Part 8: The Cone of Semantic Future: Causal Prediction, Entanglement, and Mixed States in Graph Spacetime

Having developed some of the basic code patterns, and introduced the four spacetime relations, let’s explain how these four semantic interpretations can be used in practice — to understand and predict dynamical processes across multiple scales. I’ll use a couple of more realistic examples that show how these real-world processes form graphs: i) with some Natural Language Processing based on fragmentation of a stream of input, analogous to bioinformatics and ii) multi-path flow processes with alternative routes, such as we find in routing, supply chains, and quantum experiments. We’ll see how the coding of a data representation in applications can now be extremely simple, and how the four spacetime relations allow us to see and explore beyond constrained typological relationships, to reveal emergent discoveries about the data.

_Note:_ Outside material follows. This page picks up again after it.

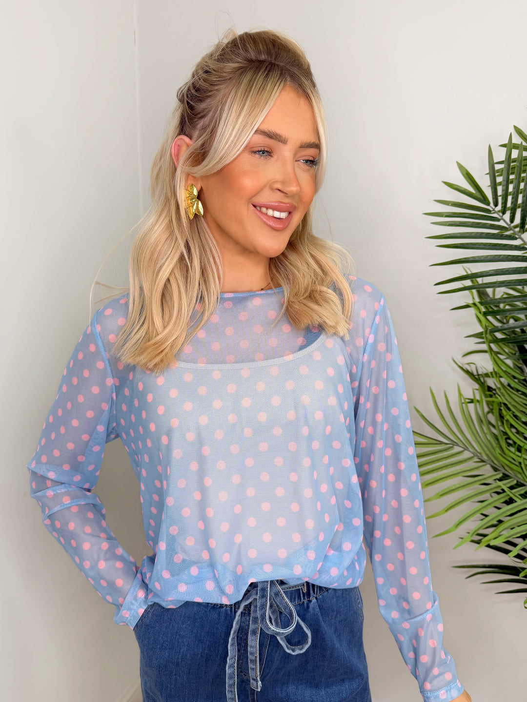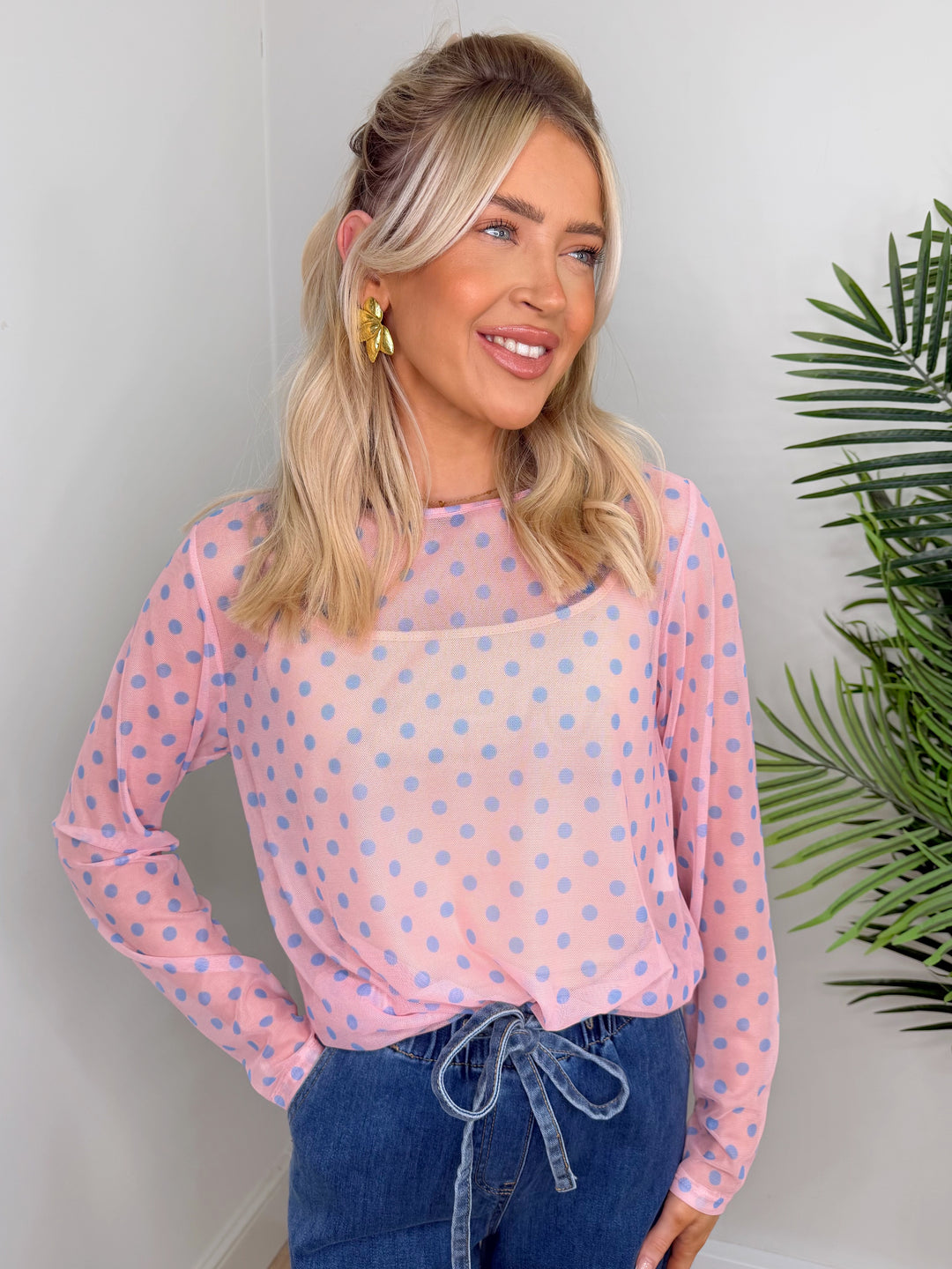 Polka Dot Mesh - Blue & Pink

Graphs are active not passive structures

In part 7, I showed how to capture and generate spacetime process graphs, merging parallel timelines where necessary. At the data capture stage, we may be entirely unaware of the existence of a graph representation— only later, during analysis, would the graph be revealed as a network. Identifying a working representation early will be an advantage, but we mustn’t over-constrain a representation and kill off the benefits of a network in the process. Graphs naturally want to remain active processes, not become passive or dead archival data structures. In a sense, the construction and the interaction by search are continuations of the same larger cognitive process. The semantic spacetime co-activation method generates this for us without prejudice.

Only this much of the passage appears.